Махнув рукой возвращающемуся охраннику, мол, бывай здоров, Александр Кириллович пересек заставленный машинами двор, обогнул длинный склад и подошел к высокому дощатому забору. Забор этот, построенный, наверное, еще при жизни Иосифа Виссарионовича, казался непреодолимым препятствием – трехметровые некрашеные доски, ржавая колючка поверху. Александр Кириллович усмехнулся, отодвинул висевшую на одном гвозде доску и шагнул в открывшуюся дыру…

За забором начиналось старинное Рогожское кладбище – тенистые аллеи, кресты и пирамидки среди рябинок и зарослей шиповника. Кладбище в старину считалось старообрядческим, тогда же построили здесь на деньги бородатых купцов, осенявших себя двумя перстами, большой Покровский собор, чьи золотые купола проглядывали через переплетение ветвей.

Александр Кириллович никогда не смог бы внятно объяснить, почему ему так нравится ходить через погост. Охватывала его здесь какая-то приятная благодать. Да, именно благодать, вот, пожалуй, наиболее подходящее слово. Ведь не зря пел Высоцкий:

 
А на кладбище все спокойненько,
Никого и нигде не видать.
Все культурненько и пристойненько,
Исключительная благодать…
 

Особенно полюбил Трофимов кладбище в последние годы. Москва-столица, город родной, враз сменила и лицо, и одежку, оборотившись вдруг жутковатым монстром, и жить в ней стало для Александра Кирилловича тягостно. Шум, гам, грохот, суета… Как известно, что русскому хорошо, то немцу – смерть. Выходило, что поговорка имела и обратный смысл. Построили наши демократы «типа западный капитализм» в одном отдельно взятом городе – и главный менеджер Трофимов бежал из этого города отдыхать душой на кладбище…

Знакомой до последнего изгиба тропинкой шел Александр Кириллович между старых, заросших могилок. На кладбище было малолюдно и тихо. Щебетали в кронах деревьев птицы, прогрохотал где-то далеко поезд.

У старинного каменного креста с давно стершейся надписью тропинка поворачивала направо, к главной аллее, но Трофимов пошел прямо, туда, где между стволов старых лип угадывался просвет.

Прогалина вывела его на мощенную шестигранной плиткой дорожку, по обе стороны которой высились черные полированные обелиски, блиставшие золотом надписей.

Тут чуть ли не в полном составе упокоилась лет десять назад «Сорочка», или, говоря языком милицейского протокола, «организованная преступная группировка Михаила Сороки».
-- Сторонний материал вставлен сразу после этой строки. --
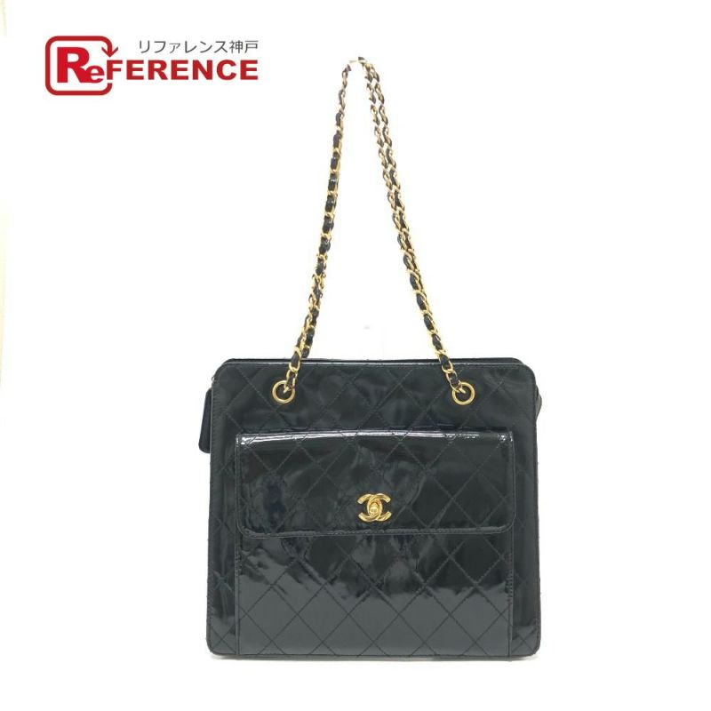 シャネル 黒色 CHANEL シャネル マトラッセ ココマーク チェーンバック ショルダーバック カバン ショルダーバッグ エナメル レディース ブラック 【中古】
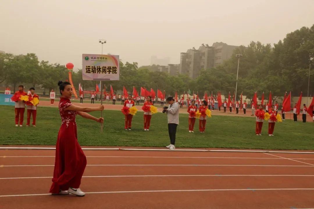 艺术学院学工办老师以及学生会干部在运动会开幕式前期的准备工作中,付出了大量的精力和时间。同时对学生们的方阵步伐、队形以及动作进行多方面指导,使方阵队伍更加整齐有序。
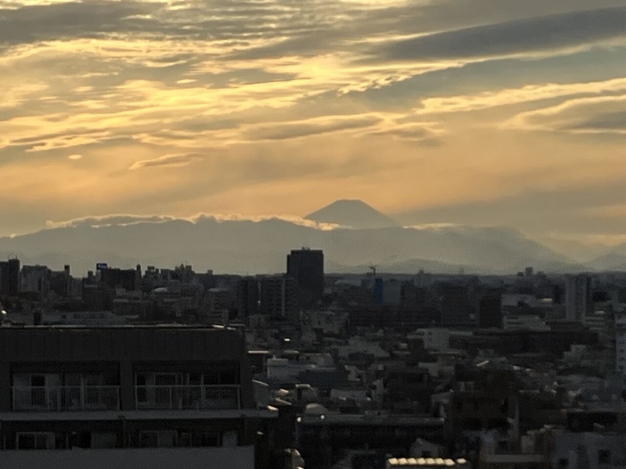 夕方散歩に行こうと支度したら西の空に富士山がおぼろに見えて
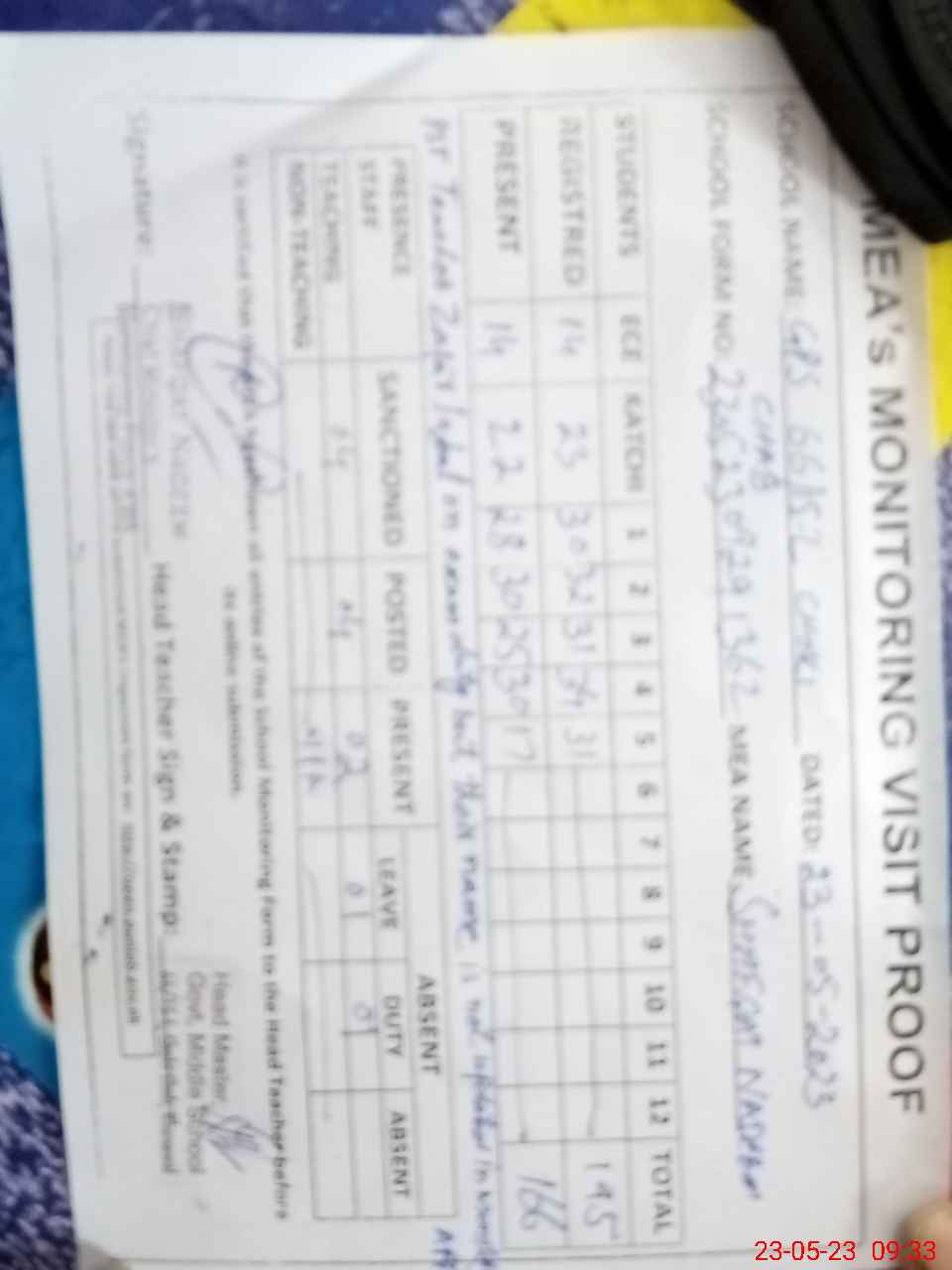 | Attendance Register | Head Teacher | MEA with School | Visit Proof |

Дело было шумное: «Сорочка» не поделила чего-то с братвой, ходившей под Бесом – вором в законе Толей Бессоновым. «Бесенята» оказались проворнее да удачливее, и лежит теперь «Сорочка» в земле сырой, а наверху золотом горят на черном лабрадорите незамысловатые, но искренние эпитафии: «От братвы», «Колян, мы отомстим за тебя» и даже: «Когда бы мы ни поднимали с горючей водкою стакан, тебя мы, Леха, не забудем. Навечно с нами ты, братан!»

Прошли годы, канули в небытие и чудом уцелевший Миша Сорока, и Толя Бес, и прочие брателлы, не сумевшие вовремя сменить кожанку на деловой костюм. А аллейка осталась, и поддерживали ее неизвестные никому люди в порядке, ухаживая за могилами и их окрестностями.

В конце аллейки, там, где осталось немного свободного места, со временем стали хоронить новых усопших в борьбе за победу мирового капитала. Последним вечным жителем «сорочинской» дорожки стала в конце февраля Софья Петровна Совенко, больше известная в народе как Сова, дородная владелица сети магазинов одежды и обуви.

Похороны были варварски пышными. Пожилая, в общем-то, коммерсантка, мать троих детей и бабушка шестерых внуков, Софья Петровна завещала похоронить себя под мелодию из фильма «Титаник» и непременно в свадебном платье. Работники кладбища потом рассказывали про два грузовика елового лапника, симфонический оркестр, черные «кадиллаки» и бородатых батюшек в золоченых ризах…

Могучий гранитный обелиск с выгравированным ликом Совы и традиционным «от семьи и друзей» возвышался над соседними памятниками песенным волжским утесом.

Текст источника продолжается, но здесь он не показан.